--- RECORD EXCERPTS Enclosed Below ---

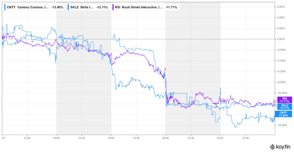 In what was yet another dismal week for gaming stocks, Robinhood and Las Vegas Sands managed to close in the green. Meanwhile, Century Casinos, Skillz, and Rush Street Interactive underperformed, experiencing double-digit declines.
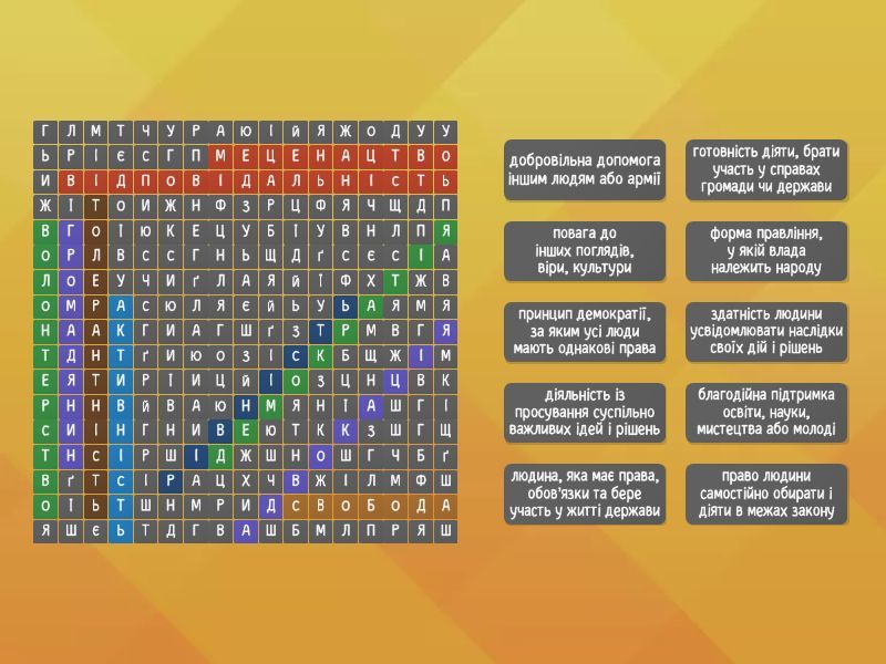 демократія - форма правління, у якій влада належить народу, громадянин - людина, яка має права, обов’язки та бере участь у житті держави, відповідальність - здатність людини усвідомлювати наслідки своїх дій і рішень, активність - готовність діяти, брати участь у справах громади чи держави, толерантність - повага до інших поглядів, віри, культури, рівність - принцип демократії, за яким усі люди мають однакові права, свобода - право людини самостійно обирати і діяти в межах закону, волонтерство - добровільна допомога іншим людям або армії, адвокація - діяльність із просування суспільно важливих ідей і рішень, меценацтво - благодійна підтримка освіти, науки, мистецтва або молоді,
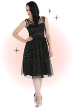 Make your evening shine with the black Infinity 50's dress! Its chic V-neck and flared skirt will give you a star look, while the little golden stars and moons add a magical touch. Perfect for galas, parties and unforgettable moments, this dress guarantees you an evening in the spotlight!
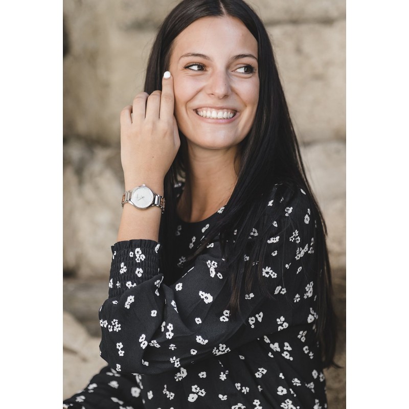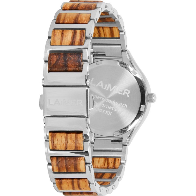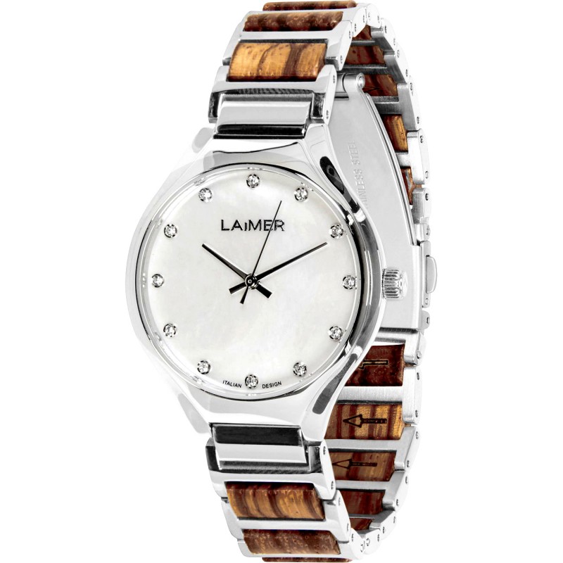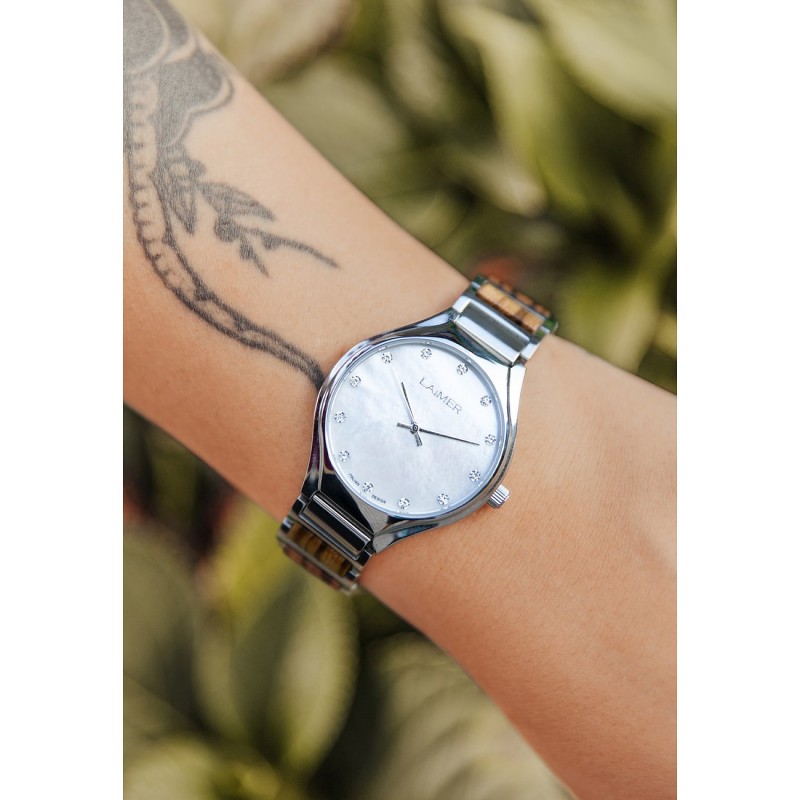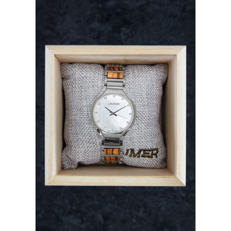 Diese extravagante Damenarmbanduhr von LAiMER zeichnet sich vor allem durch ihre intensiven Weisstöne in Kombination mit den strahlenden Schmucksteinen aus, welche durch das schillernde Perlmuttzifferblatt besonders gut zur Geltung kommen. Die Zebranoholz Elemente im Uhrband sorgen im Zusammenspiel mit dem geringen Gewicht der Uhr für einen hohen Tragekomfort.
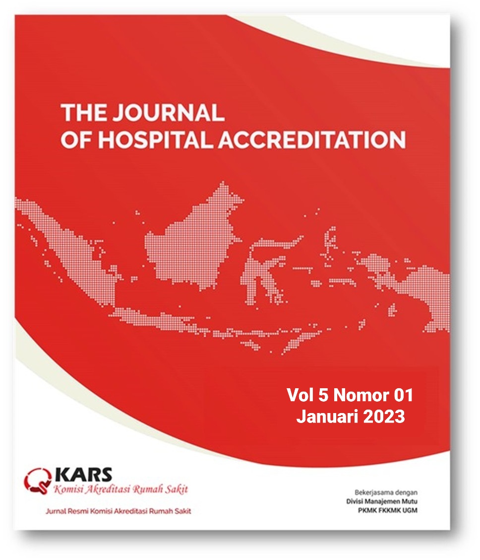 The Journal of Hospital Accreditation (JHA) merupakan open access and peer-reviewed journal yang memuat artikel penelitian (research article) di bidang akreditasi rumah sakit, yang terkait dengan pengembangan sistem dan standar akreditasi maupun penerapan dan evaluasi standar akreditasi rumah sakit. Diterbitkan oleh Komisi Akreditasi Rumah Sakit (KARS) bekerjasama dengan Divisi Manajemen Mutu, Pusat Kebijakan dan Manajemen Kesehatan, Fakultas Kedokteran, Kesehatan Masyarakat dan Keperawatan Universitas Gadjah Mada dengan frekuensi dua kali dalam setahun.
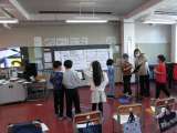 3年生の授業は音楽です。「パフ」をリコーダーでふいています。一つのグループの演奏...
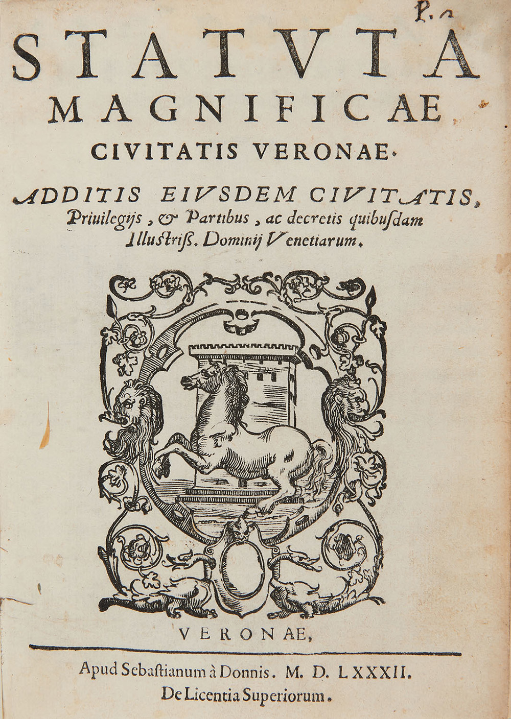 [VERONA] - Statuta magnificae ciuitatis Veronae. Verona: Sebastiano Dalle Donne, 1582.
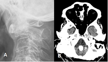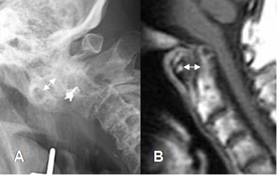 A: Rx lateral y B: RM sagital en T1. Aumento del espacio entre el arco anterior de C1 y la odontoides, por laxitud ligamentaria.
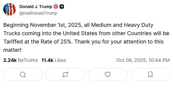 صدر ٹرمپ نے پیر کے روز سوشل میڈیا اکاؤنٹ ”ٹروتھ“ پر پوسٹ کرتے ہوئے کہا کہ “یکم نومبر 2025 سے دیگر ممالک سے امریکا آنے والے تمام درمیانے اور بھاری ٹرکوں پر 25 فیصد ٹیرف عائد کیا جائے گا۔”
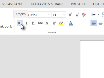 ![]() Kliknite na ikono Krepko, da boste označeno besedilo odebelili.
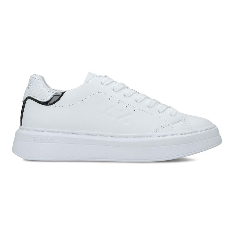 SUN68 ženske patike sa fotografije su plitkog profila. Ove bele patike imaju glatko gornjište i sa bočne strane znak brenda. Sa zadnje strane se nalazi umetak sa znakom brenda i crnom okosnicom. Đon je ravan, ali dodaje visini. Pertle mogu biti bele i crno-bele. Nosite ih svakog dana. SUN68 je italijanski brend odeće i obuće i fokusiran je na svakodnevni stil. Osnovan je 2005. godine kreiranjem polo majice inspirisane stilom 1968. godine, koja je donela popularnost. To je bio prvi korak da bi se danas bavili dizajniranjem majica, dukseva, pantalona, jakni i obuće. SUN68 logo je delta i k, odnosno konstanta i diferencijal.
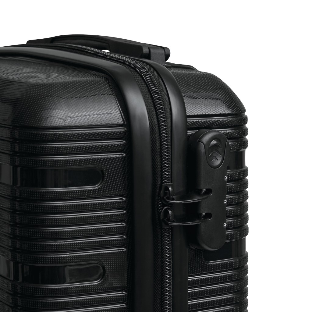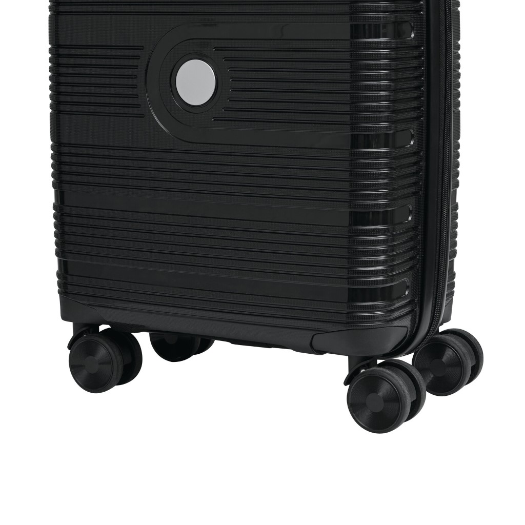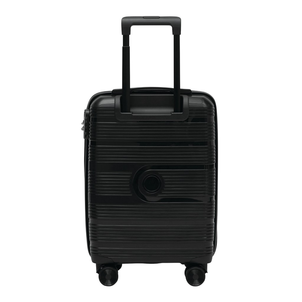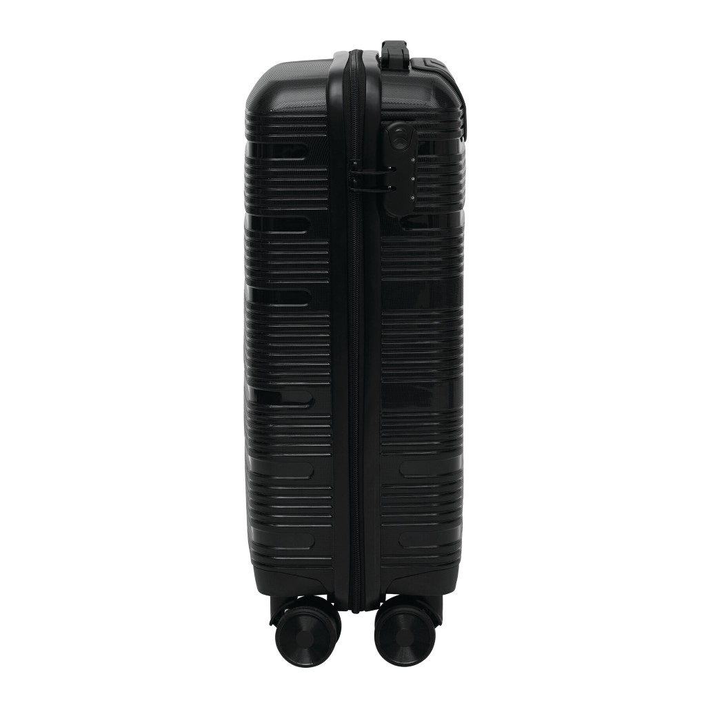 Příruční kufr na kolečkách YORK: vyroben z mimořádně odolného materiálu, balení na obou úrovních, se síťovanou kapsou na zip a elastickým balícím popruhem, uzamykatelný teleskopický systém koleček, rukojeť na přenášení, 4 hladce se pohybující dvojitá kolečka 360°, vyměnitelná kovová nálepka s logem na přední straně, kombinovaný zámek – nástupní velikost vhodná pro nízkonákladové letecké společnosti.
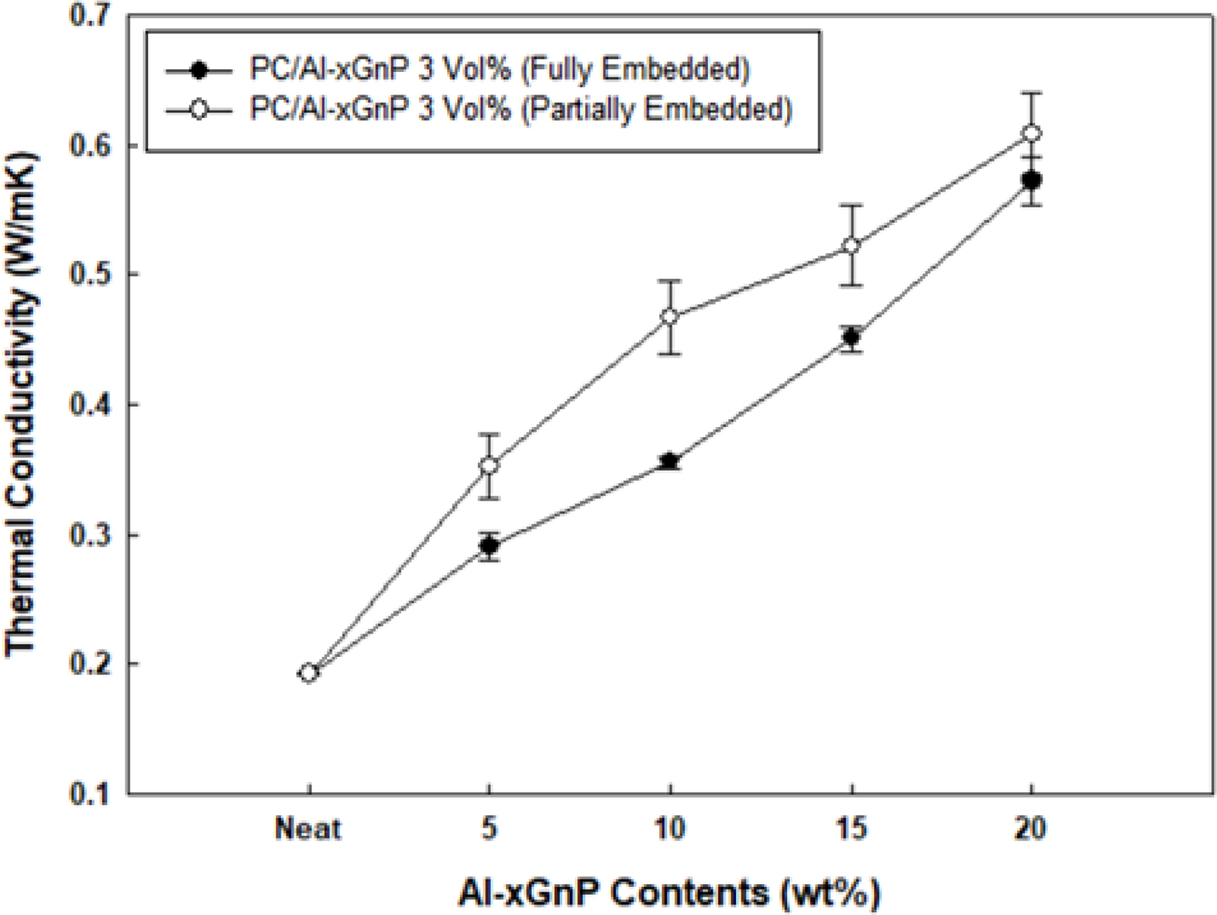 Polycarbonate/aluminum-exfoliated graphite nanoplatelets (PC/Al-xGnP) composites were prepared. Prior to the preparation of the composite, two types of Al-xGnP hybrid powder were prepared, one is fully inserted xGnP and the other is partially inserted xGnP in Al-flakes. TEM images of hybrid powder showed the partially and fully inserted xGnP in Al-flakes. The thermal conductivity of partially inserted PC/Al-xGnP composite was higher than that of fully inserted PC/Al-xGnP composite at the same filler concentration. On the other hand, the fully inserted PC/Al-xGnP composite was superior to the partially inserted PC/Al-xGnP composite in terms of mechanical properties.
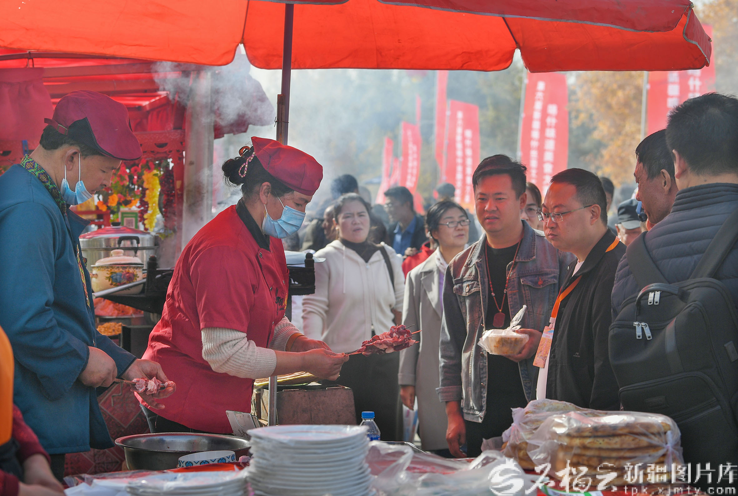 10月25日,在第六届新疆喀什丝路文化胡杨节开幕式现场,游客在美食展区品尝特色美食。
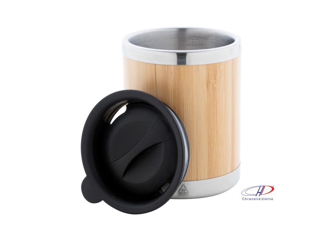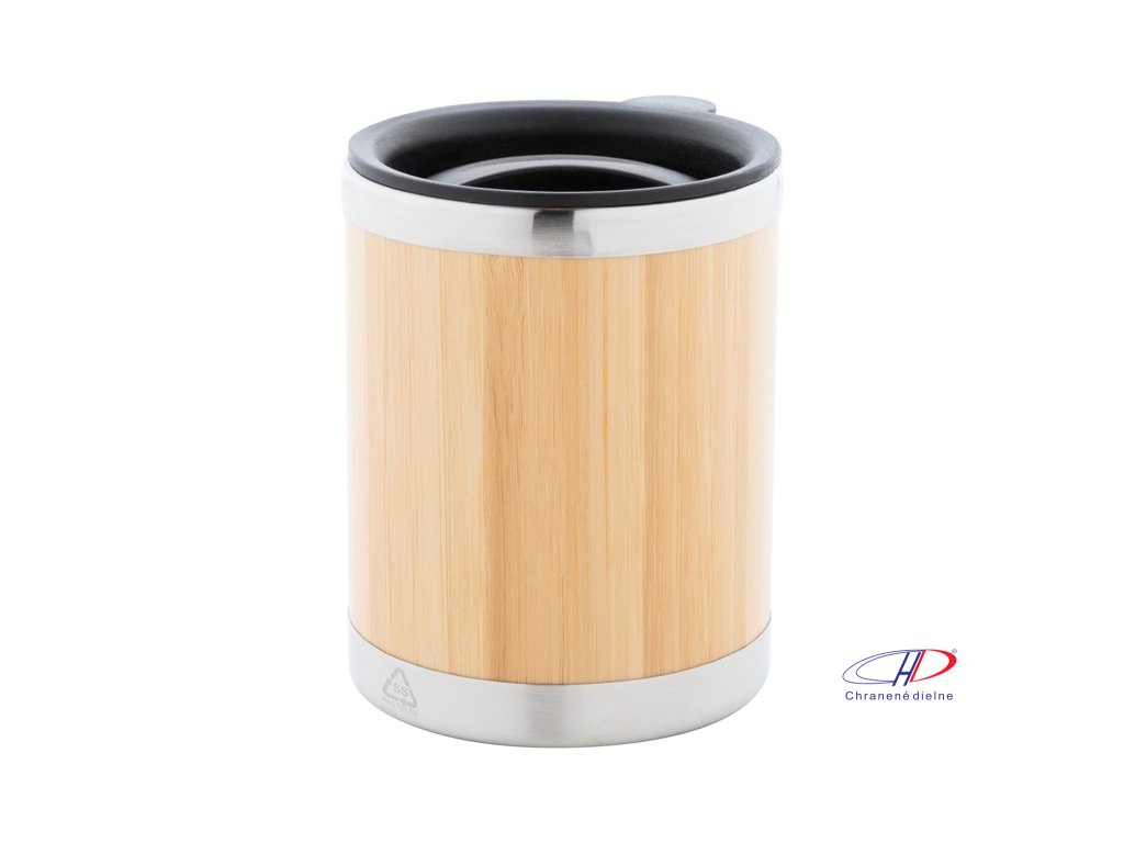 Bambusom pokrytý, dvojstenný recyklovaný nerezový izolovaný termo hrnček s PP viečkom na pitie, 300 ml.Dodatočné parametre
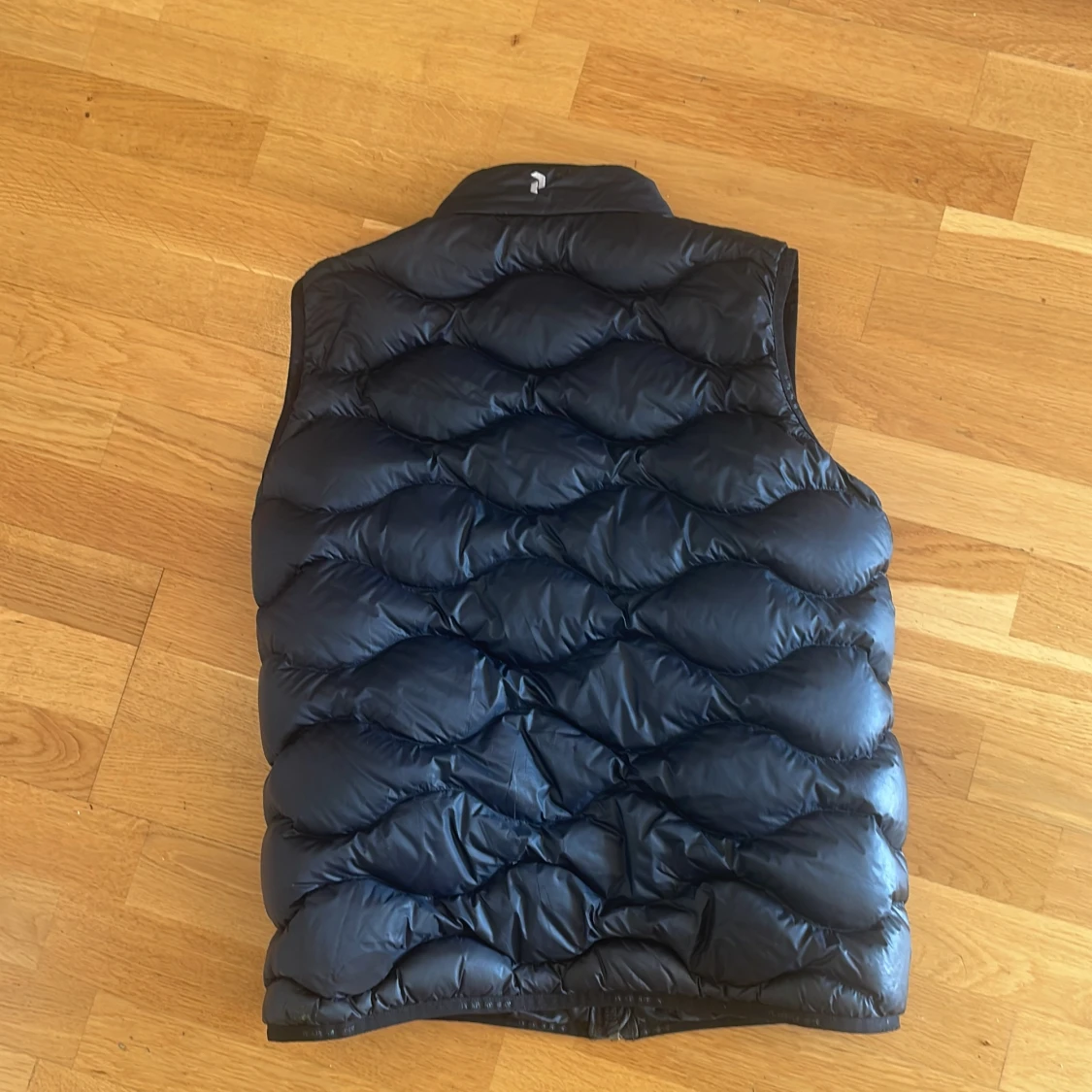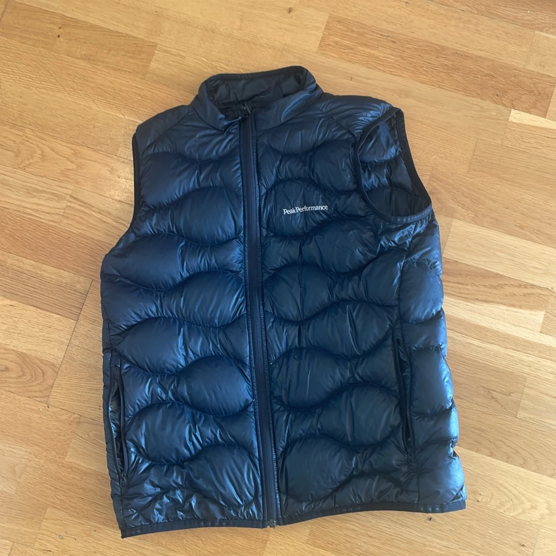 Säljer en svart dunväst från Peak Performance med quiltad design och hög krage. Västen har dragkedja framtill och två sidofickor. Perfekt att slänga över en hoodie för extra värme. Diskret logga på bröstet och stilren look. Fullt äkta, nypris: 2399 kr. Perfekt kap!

--- End of Enclosed RECORD EXCERPTS ---

[WHAT THE TASK REQUIRES]: Output, exactly as written, only the lines from the beginning of the listing through the line containing "[VERONA] - Statuta", both included, and no pictures.

[FINISHED TASK]:
 In what was yet another dismal week for gaming stocks, Robinhood and Las Vegas Sands managed to close in the green. Meanwhile, Century Casinos, Skillz, and Rush Street Interactive underperformed, experiencing double-digit declines.
 демократія - форма правління, у якій влада належить народу, громадянин - людина, яка має права, обов’язки та бере участь у житті держави, відповідальність - здатність людини усвідомлювати наслідки своїх дій і рішень, активність - готовність діяти, брати участь у справах громади чи держави, толерантність - повага до інших поглядів, віри, культури, рівність - принцип демократії, за яким усі люди мають однакові права, свобода - право людини самостійно обирати і діяти в межах закону, волонтерство - добровільна допомога іншим людям або армії, адвокація - діяльність із просування суспільно важливих ідей і рішень, меценацтво - благодійна підтримка освіти, науки, мистецтва або молоді,
 Make your evening shine with the black Infinity 50's dress! Its chic V-neck and flared skirt will give you a star look, while the little golden stars and moons add a magical touch. Perfect for galas, parties and unforgettable moments, this dress guarantees you an evening in the spotlight!
 Diese extravagante Damenarmbanduhr von LAiMER zeichnet sich vor allem durch ihre intensiven Weisstöne in Kombination mit den strahlenden Schmucksteinen aus, welche durch das schillernde Perlmuttzifferblatt besonders gut zur Geltung kommen. Die Zebranoholz Elemente im Uhrband sorgen im Zusammenspiel mit dem geringen Gewicht der Uhr für einen hohen Tragekomfort.
 The Journal of Hospital Accreditation (JHA) merupakan open access and peer-reviewed journal yang memuat artikel penelitian (research article) di bidang akreditasi rumah sakit, yang terkait dengan pengembangan sistem dan standar akreditasi maupun penerapan dan evaluasi standar akreditasi rumah sakit. Diterbitkan oleh Komisi Akreditasi Rumah Sakit (KARS) bekerjasama dengan Divisi Manajemen Mutu, Pusat Kebijakan dan Manajemen Kesehatan, Fakultas Kedokteran, Kesehatan Masyarakat dan Keperawatan Universitas Gadjah Mada dengan frekuensi dua kali dalam setahun.
 3年生の授業は音楽です。「パフ」をリコーダーでふいています。一つのグループの演奏...
 [VERONA] - Statuta magnificae ciuitatis Veronae. Verona: Sebastiano Dalle Donne, 1582.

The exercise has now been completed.